Information provided:
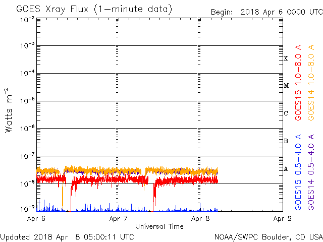 - 2018/ 4/ 6 12:31 太陽風の速度が少し高まっています。3月の黒点相対数は 2.5 でした。
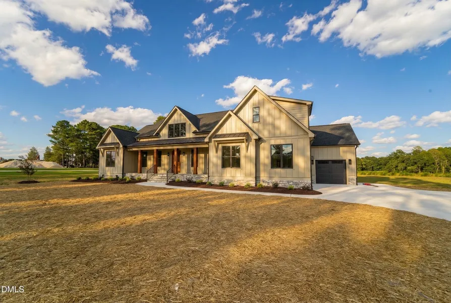 Welcome to 5008 Hopkins Chapel Rd, a stunning custom-built ranch that perfectly blends modern comfort with the tranquil beauty of nature. Nestled on a sprawling 1.5-acre lot, this meticulously home offers the ultimate retreat for those seeking privacy, space, and effortless one-level living. As you approach down the long, private driveway, you'll be greeted by the home's fantastic curb appeal and peaceful, surroundings. Step inside to discover an inviting, light-filled interior featuring an open floor plan designed for both everyday living and grand-scale entertaining. The heart of the home is the magnificent great room, with elegant coffered ceiling draws the eye upward and a cozy gas log fireplace with built ins either side creates a warm and welcoming ambiance. The seamless flow leads you into the chef's kitchen, a true delight featuring pristine white cabinetry, gleaming quartz countertops, a stylish tile backsplash, and a large island-perfect for meal prep and casual gatherings. The kitchen is equipped with a high quality package of Samsung appliances from gas range to counter top depth, 3 door fridge, pot filler over the gas cooktop massive food preparation area beautiful lighting under cabinet light fixtures, large pantry ! Your private owner's suite is a peaceful sanctuary, offering a spacious layout, vaulter ceiling and a luxurious en-suite bathroom complete with a dual-sink vanities, a large walk-in shower, free standing tub and a generous walk-in closet. Also private entrance to the utility room !!Two additional well-appointed bedrooms and a full hall bathroom provide ample space for family and guests. All vanities through out the home are beautiful quartz. Modern finishes with upscale trim, lighting and mirrors. A large bonus room upstairs with a full bath is a great place to gather or even use for homes schooling The exceptional outdoor living space is where this property truly shines. Enjoy your morning coffee or host summer barbecues on the enormous, covered and screened back deck, overlooking the vast back yard-an ideal, safe haven for pets and play. The incredible lot offers endless possibilities for gardening, exploring, or simply relaxing to the sounds of nature. 10mins into Wake Forest or down to e and enjoy the beautiful home built by award winning builder.
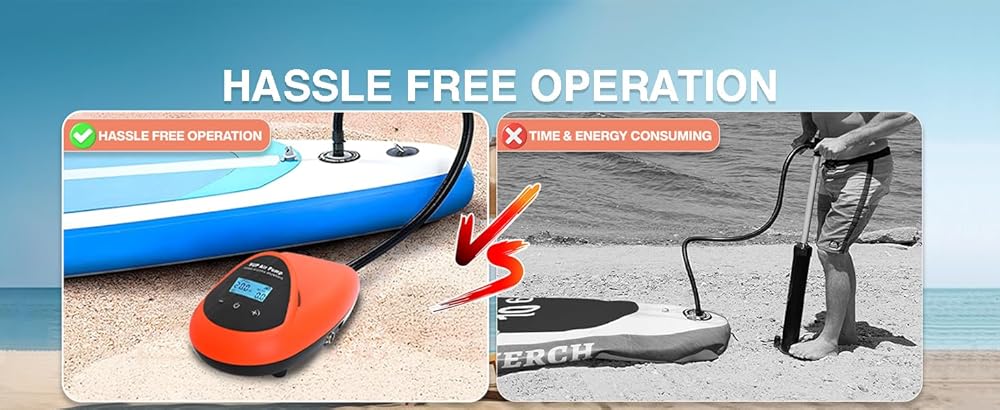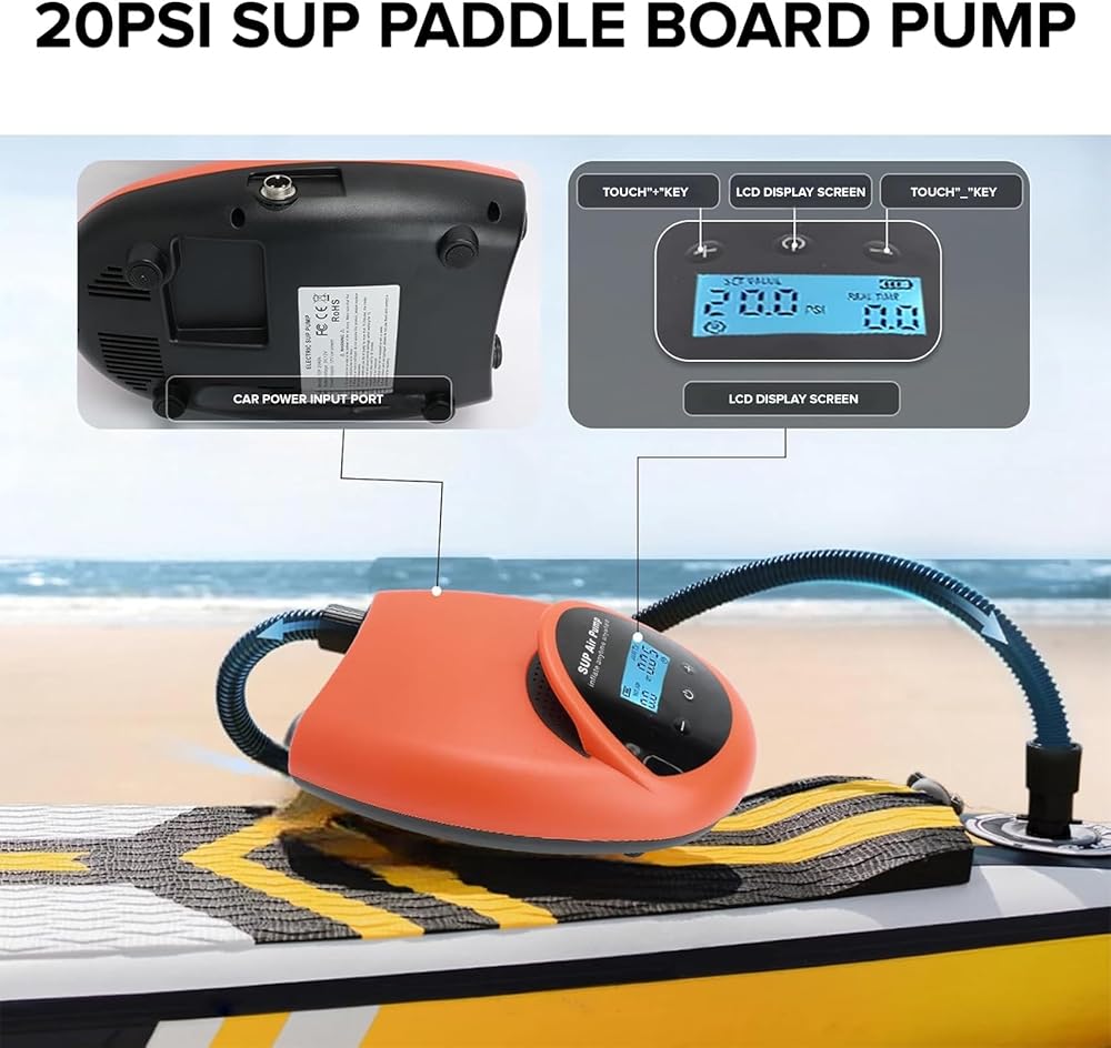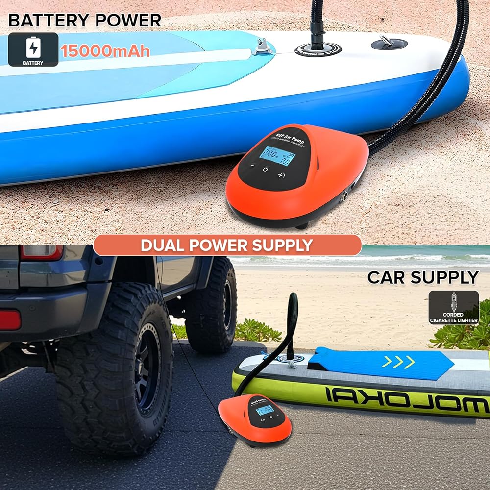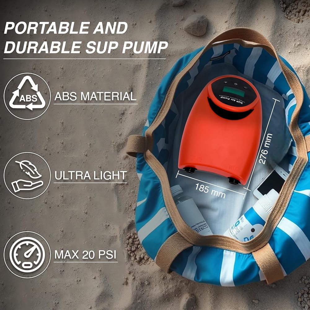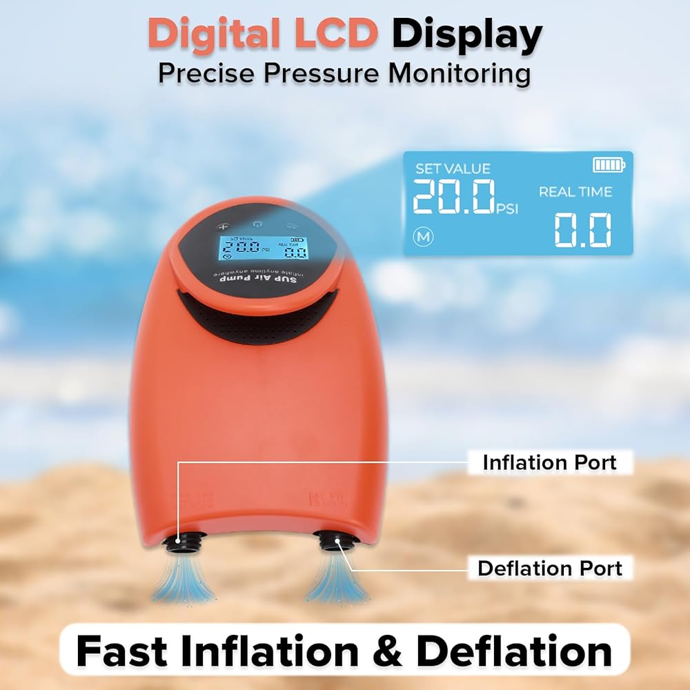 مضخة هواء SUP قوية وفعالة - تتميز بمحركنا المصمم حديثًا وتقنية النفخ ثنائية المرحلة (350 لتر/الدقيقة و70 لتر/الدقيقة)، تقوم مضختنا بنفخ لوح التجديف بسرعة من 0 رطل لكل بوصة مربعة إلى 20 رطل لكل بوصة مربعة في 7 دقائق فقط. علاوة على ذلك، يتيح تصميمنا المبتكر تفريغ الهواء بسرعة، مما يؤدي إلى طي SUP بالكامل في 3 دقائق. هذا النظام السريع والقوي ليس أسرع فحسب، بل أكثر هدوءًا من الطرازات السابقة.
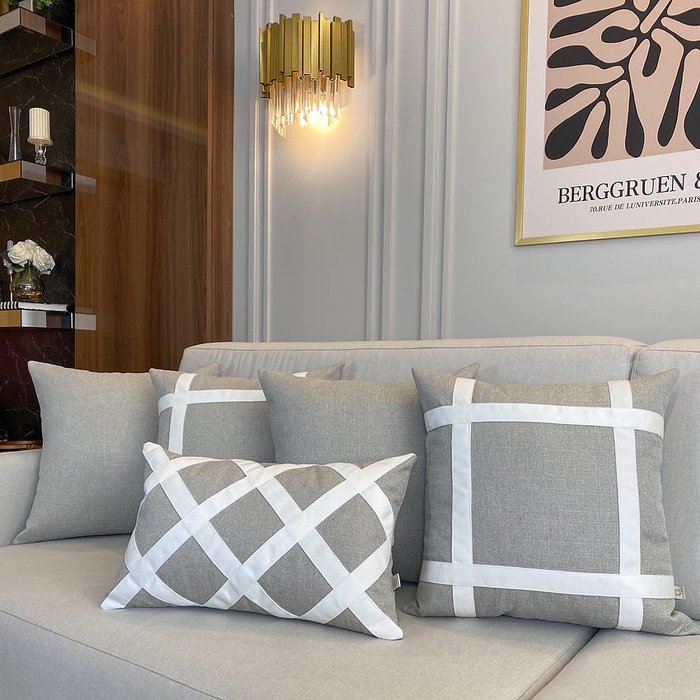 Kit Royal Linho Cinza e Veludo Branco 5 Almofadas: Sofisticação e Pureza em Cada Detalhe

Activity: Please return, exactly and with pictures omitted, the lines from the line holding "مضخة هواء SUP" through the end of the data above, inclusive.

Solution for this task:
 مضخة هواء SUP قوية وفعالة - تتميز بمحركنا المصمم حديثًا وتقنية النفخ ثنائية المرحلة (350 لتر/الدقيقة و70 لتر/الدقيقة)، تقوم مضختنا بنفخ لوح التجديف بسرعة من 0 رطل لكل بوصة مربعة إلى 20 رطل لكل بوصة مربعة في 7 دقائق فقط. علاوة على ذلك، يتيح تصميمنا المبتكر تفريغ الهواء بسرعة، مما يؤدي إلى طي SUP بالكامل في 3 دقائق. هذا النظام السريع والقوي ليس أسرع فحسب، بل أكثر هدوءًا من الطرازات السابقة.
 Kit Royal Linho Cinza e Veludo Branco 5 Almofadas: Sofisticação e Pureza em Cada Detalhe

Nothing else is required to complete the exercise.